Make sure the cover letter is in the body of your message, not attached as an attachment. It is considered poor etiquette for a potential employer to have to download something before reading it, and it’s also a waste of their time if you don’t end up getting an interview out of it or they don’t accept your application.
The subject line should be “Cover Letter.” This will help them know which document it is when looking at their inbox or reviewing their sent items folder later on.
Do not use fancy fonts or colors keep them both professional and simple! Use Times New Roman 12pt for both documents (don’t worry about formatting yet). Don’t use graphics (other than logos) at this point; just focus on writing clearly and concisely so that others can understand what makes you qualified for this position!
How To Format A Cover Letter With Examples
The first step to formatting your cover letter is choosing a business letter format. A typical business letter has the following elements:
Address of the person you are writing to (e.g., Bob Smith, President, and CEO)
An opening greeting that identifies you and explains why you’re writing (e.g., Dear Mr. Smith, or To Whom It May Concern:)
A paragraph explaining that you have been referred to this company by a mutual acquaintance, usually in the form of an introductory sentence followed by an explanation as to why that person would refer someone like yourself to work at their organization (e.g., “I was referred by Jane Smith because she knows I am a hard worker.”)

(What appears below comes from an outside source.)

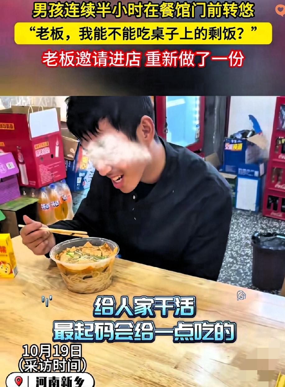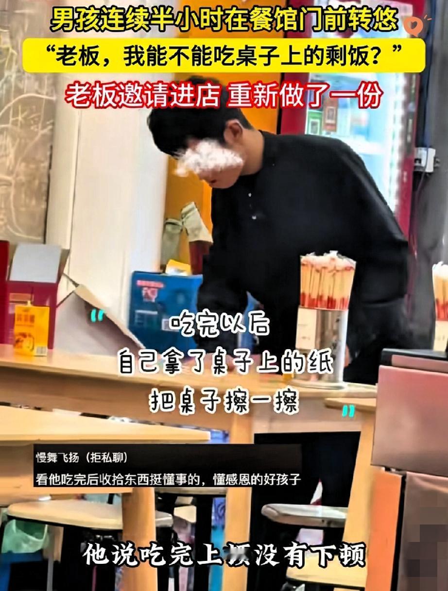 “我想吃。” 这三个字,比任何哭声都更让人心酸。 在河南新乡的一家小饭店门口,16岁的男孩徘徊许久,只是想问问桌上的剩饭剩菜能不能给他。 母亲去世、无人照管,他宁愿捡饭也不愿伸手要钱,还想着靠干活换一口吃的。 老板没有让他难堪,直接端上一碗热面;男孩吃完一半,还把桌面收拾干净,小心翼翼地问剩下的能不能打包,留给下一顿。 这一幕,比任何煽情故事都更戳人心。 我们总说要帮别人,但很多时候,最难能可贵的是保留对方的尊严。 不施舍、不围观、不评判,只是像对待一个普通客人那样,给他一碗面、一份尊重。这不仅是善良,更是智慧。 如果你遇到这样的孩子,你会用什么方式去帮助他?你觉得如何在不伤害尊严的前提下伸出援手?

A closing salutation thanking the reader for his/her time signed sincerely yours
How To Start A Cover Letter With Examples And Tips
How to Start a Cover Letter
Your cover letter is your first chance to make an impression on a hiring manager. To do that, it needs to be well-written and specific to the job you’re applying for so you can set yourself apart from other applicants. Here are some tips for writing one that will help you stand out:
Address your cover letter directly to the hiring manager or recruiter of the company you’re applying with (if their contact information is available)
Be brief the purpose of this document is not just to describe your skillset but also to demonstrate how they fit into what the employer needs for them to hire you; that means keeping things short and sweet!

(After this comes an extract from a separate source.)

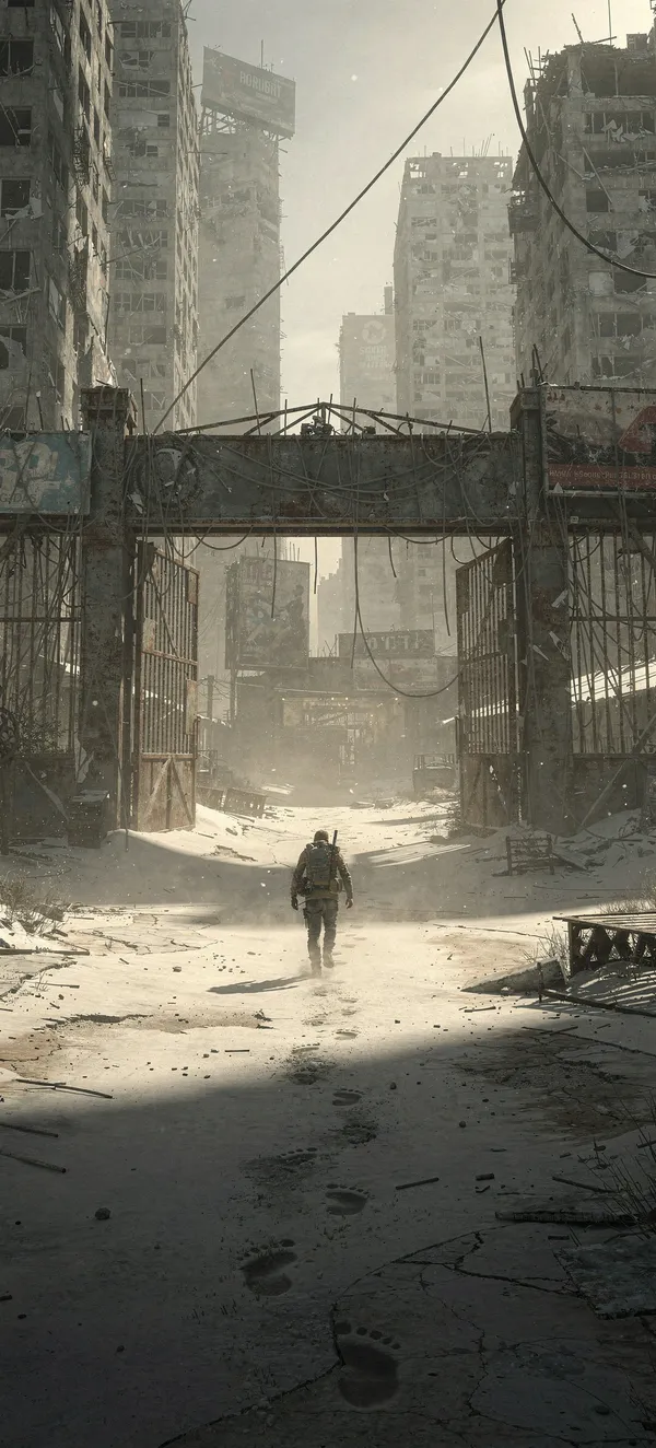GamingImmersive post-apocalyptic landscape phone wallpaper featuring a lone wanderer exploring a haunting, dust-covered abandoned cityscape with epic scale and atmospheric detail.

When To Send A Cover Letter (And When You Can Skip It)
When you send a cover letter, you are introducing yourself to the employer. The cover letter is a way to show that you are more than just a resume. The best way to do this is by demonstrating your ability to be an asset to their company and why they should hire you over other candidates that they are considering for the position.
When applying for jobs, it’s highly recommended that you include a cover letter with your application materials because it gives employers an insight into who exactly they’re hiring before they ever meet them in person or speak on the phone about their qualifications.
It also helps set them apart from all other applicants because it allows them an opportunity for further research into what makes this person so great!
Should I Follow Up After Submitting A Resume?
If you have an active job search going on, it’s important to follow up with potential employers after submitting your resume.
You may have submitted your resume through an online application portal or by sending a cover letter and resumé via email. In either case, follow up within one week to ensure that the information has been received and processed by the recipient.
This is especially critical if you’re applying for multiple positions at once but don’t want all of them to sit in the “Inbox” folder forever because they were never opened!
It’s also worthwhile to check back in again if you haven’t heard anything from a particular company within a month or two; sometimes these things can get lost in the shuffle and forgotten about quickly (even though they shouldn’t be).
Now that you know what to include in your cover letter and how to format it, it’s time to get started!
There are plenty of other things you can do to make sure your job search is as successful as possible and we hope that this blog post has given you some new ideas about how best to use them.
Remember that getting a job is a process, so take things slowly and keep at it until you find the perfect fit for your career goals.